LNAオリゴヌクレオチドとDNAポリメラーゼおよび校正エキソヌクレアーゼ活性との相互作用における強い位置の好み：ジェノタイピングアッセイへの影響

代表的なDNAポリメラーゼおよびエキソヌクレアーゼ活性に対するロックされた核酸（LNA）修飾位置の効果は、プライマー拡張ジェノタイピングアプリケーションでの潜在的な使用について調べられています。4つの校正DNAポリメラーゼ（VENT、PFU、KLENOWフラグメントおよびT7 DNAポリメラーゼ）の3 ' - > 5'エキソヌクレアーゼ活性と、プライマーの端子（L-1）位置のLNAであるエキソヌクレアーゼIIIの場合が見つかります2つのファミリーBポリメラーゼのみのエキソヌクレアーゼに対する部分的な保護を提供する。対照的に、最後から2番目（L-2）位置のLNA残基は、本質的に完全なヌクレアーゼ耐性を生成します。これらの酵素のポリメラーゼ活性部位は、明確な好みを示します。L-1 LNA修飾はポリのマージー化に適度な影響を及ぼしますが、L-2 LNAグループはDTTPの取り込みを多少遅らせ、ターミネーターの取り込みのためにエンジニアリングされているA488LベントDNAポリメラーゼであっても、DDTTPまたはACYTTPターミネーターによる拡張を事実上廃止します。アクティブサイトの好みに関するこれらの観察結果は、エキソヌクレアーゼを介したシングルベース拡張（E-SBE）と校正対立遺伝子特異的拡張（PRASE）の2つの新しいアッセイを実証するために利用されています。L-2 LNAプライマーを使用したモデルプラゼジェノタイピング反応は、非プルフレーディング反応がLNA修飾プライマーを使用しているかどうかにかかわらず、既存の非根源アッセイよりも大きな特異性を提供することを示します。

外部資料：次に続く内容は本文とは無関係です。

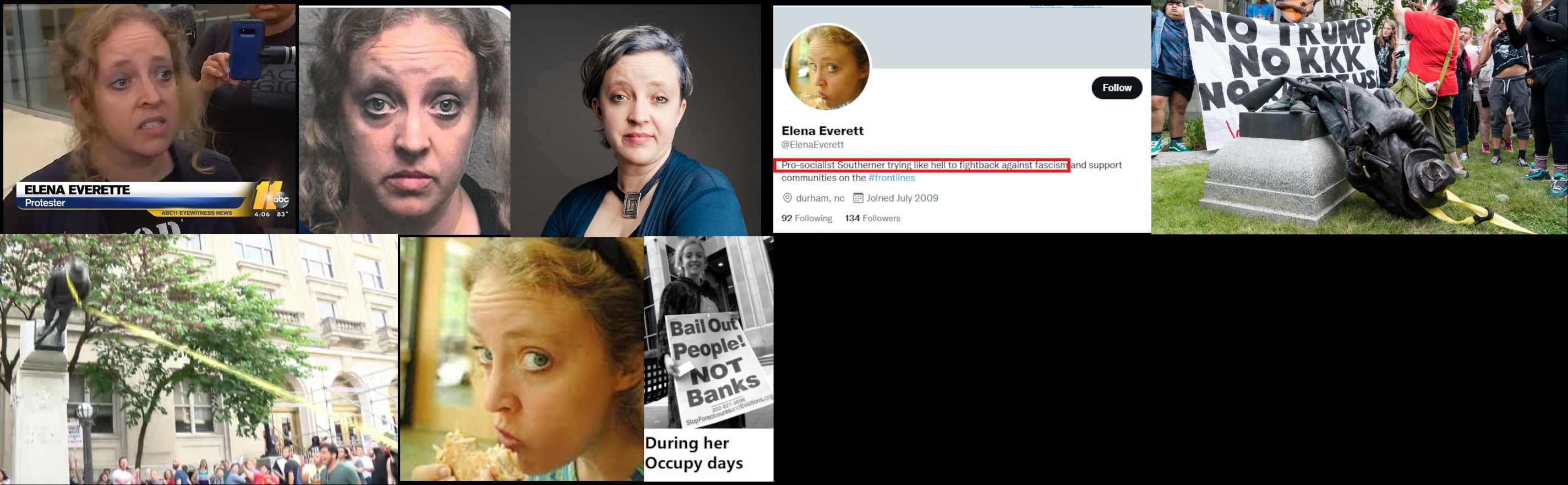 Elena Everett was arrested for pulling down a Confederate monument in 2017 in Durham. Charges were later dropped by the D.A. She began her career as a political radical while a student at NC State University where she was active in the anti-war movement and labor issues. Everett was active with Occupy Durham in the early 2010s. Everett is affiliated with over a dozen left-wing organizations in North Carolina including: NC Green Party, Durham Solidarity Center, FairVoteNC and the Southern Vision Allicance. Everett was the founder and organizer of several groups. She's a member of the communist Workers World Party. She's married to fellow radical Peter Gilbert who was arrested with her at the 2017 statue protest. She may be separated from Gilbert since she doesn’t show up as a resident at his parent’s house where he lives. https://archive.ph/aSTcO, https://archive.ph/q1iUQ, https://archive.ph/cywyL, https://archive.ph/GAfRQ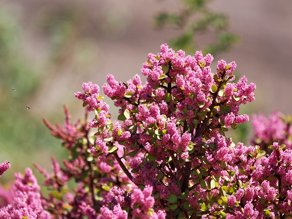 Selbst der Speckboom (Portulacaria afra) bildet zu dieser jahreszeit kleine, eher unauffällige Blüten aus, die jedoch bei einer Massenblüte sehr dekorativ wirken können. Sie sind sternförmig und sehr klein, mit einem Durchmesser von etwa 2 bis 3 Millimetern. Sie besitzen fünf Blütenblätter und die Farbe variiert zwischen blassrosa, malvenfarben oder violett. Auch diese Blüten sind extrem nektarreich und locken zahlreiche Insekten wie Bienen sowie insektenfressende Vögel an. Eine reiche Blüte wird oft durch Trockenstress in Kombination mit viel direktem Sonnenlicht ausgelöst.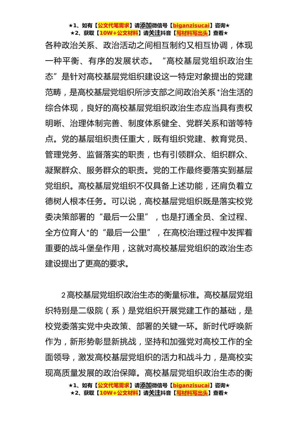 ★1、如有【公文代笔需求】请添加微信号【biganzisucai】咨询★★2、获取【10W+公文材料】请关注抖音【写材料写出头】查看★XX学校基层党组织政治生态建设特色材料构建良好的政治生态是新形势下全面推进从严治党在高校领域的必然要求,也是高校推进治理体系和治理能力现代化的理性选择。高校基层党组织是学校内部治理体系中的关键一环,是党的基层组织履行高等教育职能的保障力量。中国红十字会是党*府在人道领域联系群众的桥梁和纽带,密切关注群众利益,高度重视党群关系,高校党建工作可积极挖掘红十字会党群关系的文化基因,以涵养高校基层党组织政治生态建设。一、高校基层党组织政治生态的语义阐释及衡量标准1高校基层党组织政治生态的语义阐释。“高校基层党组织”是党的基层组织的一个部分,是高校党建工...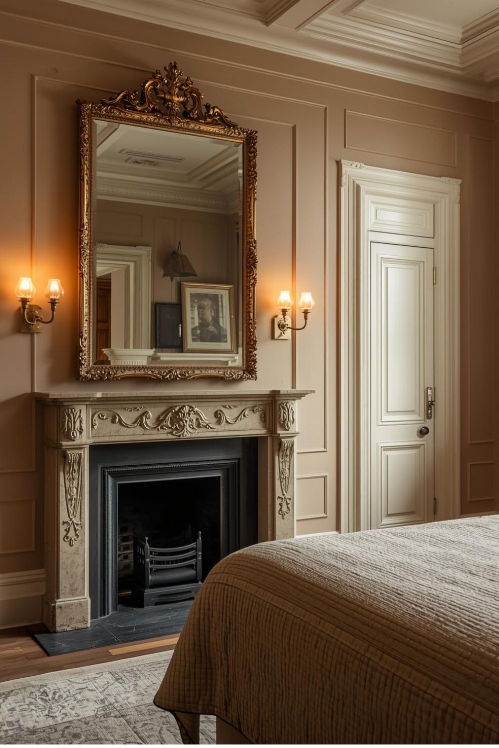 Nothing says Victorian like a proper mantel with an ornate mirror above it. A gilded frame reflects light and adds instant grandeur, even in a modest room. Keep surrounding decor minimal just a candle, a small vase, or a stack of books so it feels elegant and restful. This suits period homes especially well and elevates the room without changing furniture.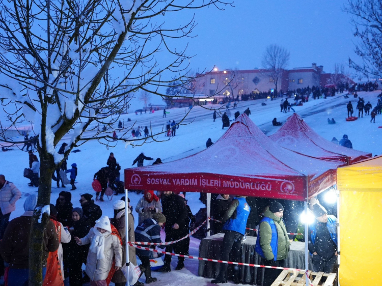 Düzce Belediyesi Sosyal Yardım İşleri Müdürlüğü ekipleri standlar kurarak, kayak yapan vatandaşlara sıcak salep, çay, çikolata ve helva ikramında bulundu.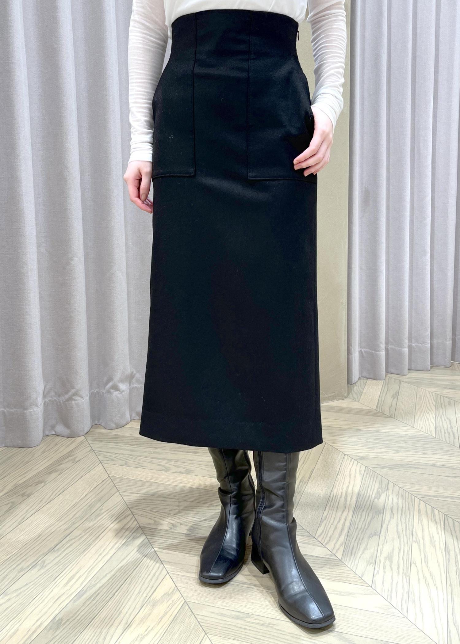 ROPÉ[美人スカート]ウールレーヨンポケット付きタイトスカート(無地)/イージーケア・セットアップ対応ブラック / 36¥25,300レビュー【着丈】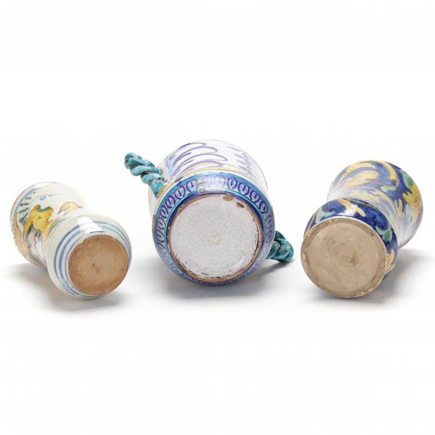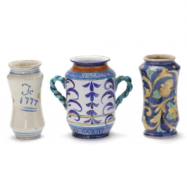 18th century, two Albarello form, four color decoration, one dated "1777", the third jar features rope twist handles, labeled "Borrana" which may refer to a medicinal root or leaf as designated by the panels flanking the profile of a man, all otherwise unmarked.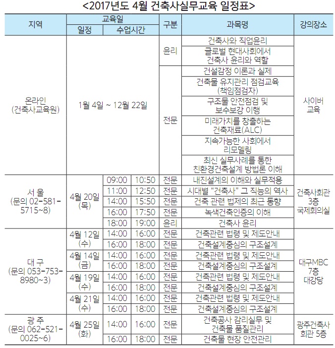 건축사교육원은 4월 건축사 실무교육 일정을 공고했다. 수강신청은 해당 과목 교육일 2~3주 전부터 가능하며, 자세한 사항은 건축사교육원 홈페이지에서 확인할 수 있다. 교육 관련 사항은 사이버교육은 건축사교육원에, 그 외 교육은 해당 시도건축사회에 문의하면 된다.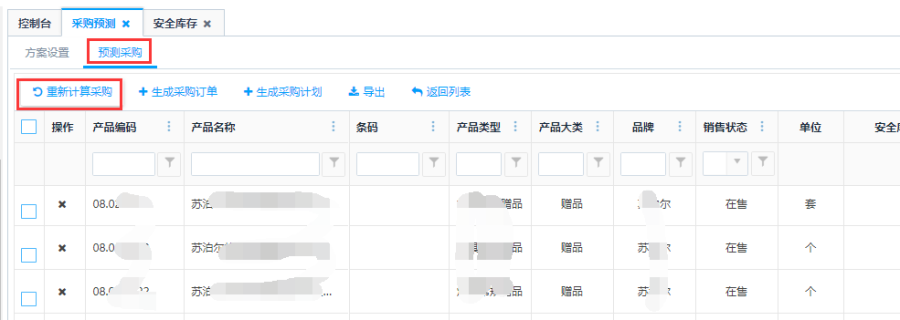 如果数据有误,可以点击预测采购选项卡页面的<重新计算采购>按钮,会刷新界面数据。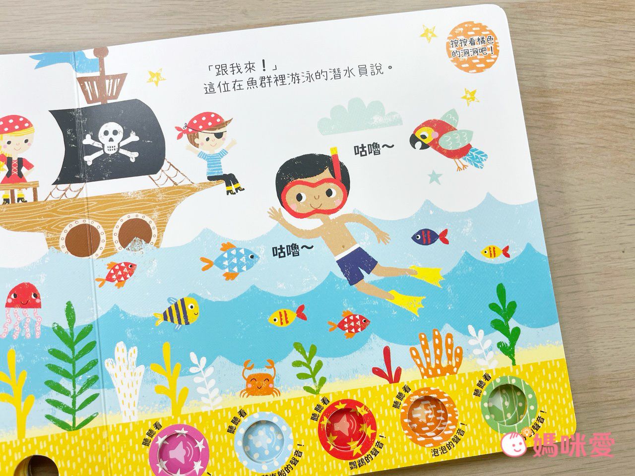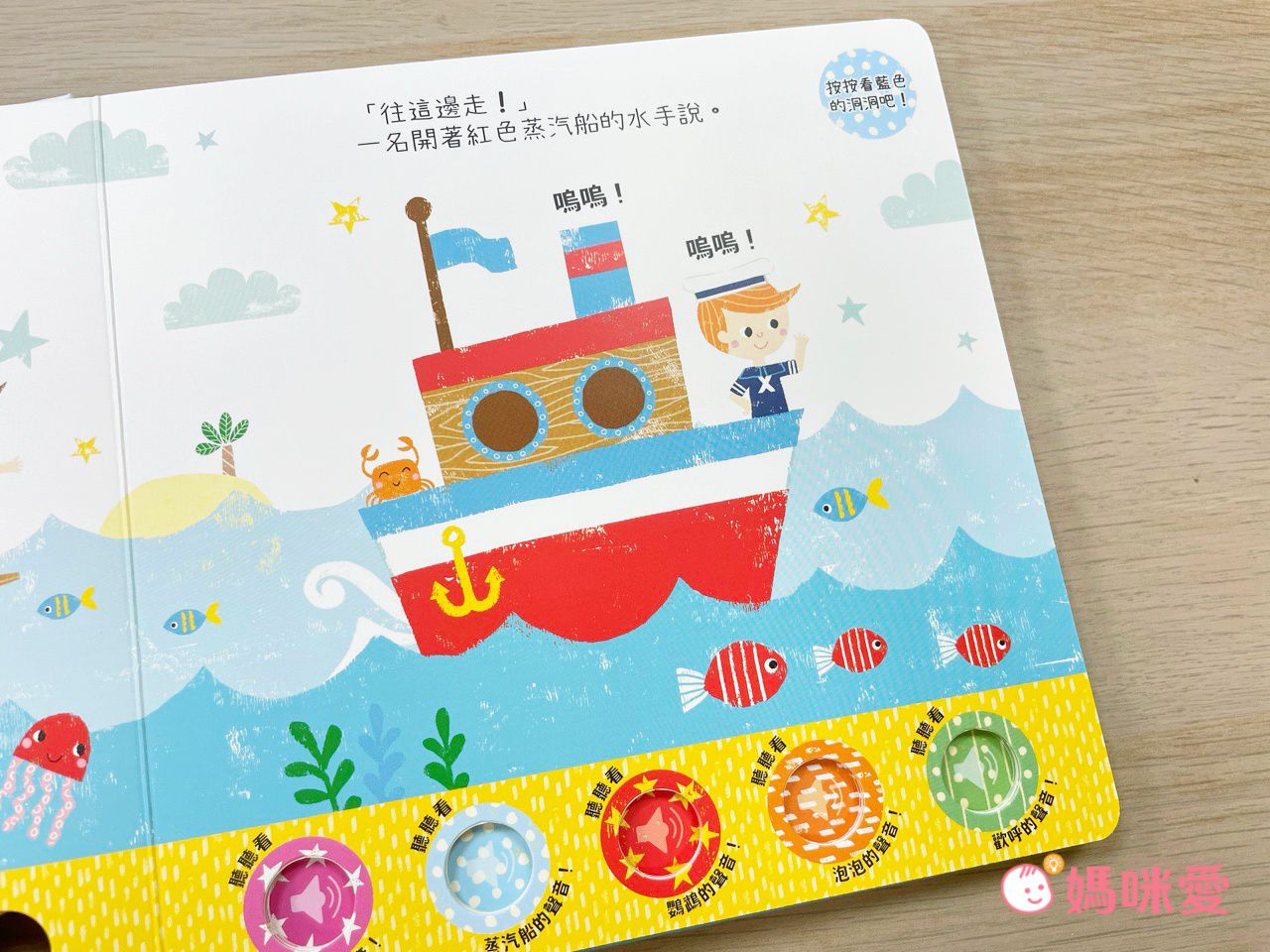 《聽!洞洞裡有聲音!》系列書,每本故事書都設計五種豐富的聲音,供孩子與正在閱讀的故事互動,只需要按下按鍵,就能夠聽見海浪的聲音、蒸汽船鳴響的轟鳴聲、以及魚群在水下吐出泡泡的環境聲,可以帶給孩子聽覺上的刺激,幫助孩子累積感官經驗,幫助他更認識世界!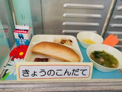 マカロニグラタン、レタスのスープ、りんご(かんづめ)、コッペパン、いちごジャム、牛乳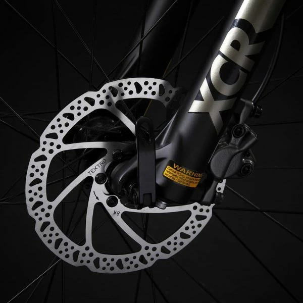 Affrontez les nouveaux obstacles (racines, cailloux, pierres,…) en toute sérénité grâce au débattement de la fourche avant.

The effect of locked nucleic acid (LNA) modification position upon representative DNA polymerase and exonuclease activities has been examined for potential use in primer extension genotyping applications. For the 3'-->5' exonuclease activities of four proofreading DNA polymerases (Vent, Pfu, Klenow fragment and T7 DNA polymerase) as well as exonuclease III, an LNA at the terminal (L-1) position of a primer is found to provide partial protection against the exonucleases of the two family B polymerases only. In contrast, an LNA residue at the penultimate (L-2) position generates essentially complete nuclease resistance. The polymerase active sites of these enzymes also display a distinct preference. An L-1 LNA modification has modest effects upon poly merization, but an L-2 LNA group slows dTTP incorporation somewhat while virtually abolishing extension with ddTTP or acyTTP terminators, even with A488L Vent DNA polymerase engineered for terminator incorporation. These observations on active site preference have been utilized to demonstrate two novel assays: exonuclease-mediated single base extension (E-SBE) and proofreading allele-specific extension (PRASE). We show that a model PRASE genotyping reaction with L-2 LNA primers offers greater specificity than existing non-proofreading assays, whether or not the non-proofreading reaction employs LNA-modified primers.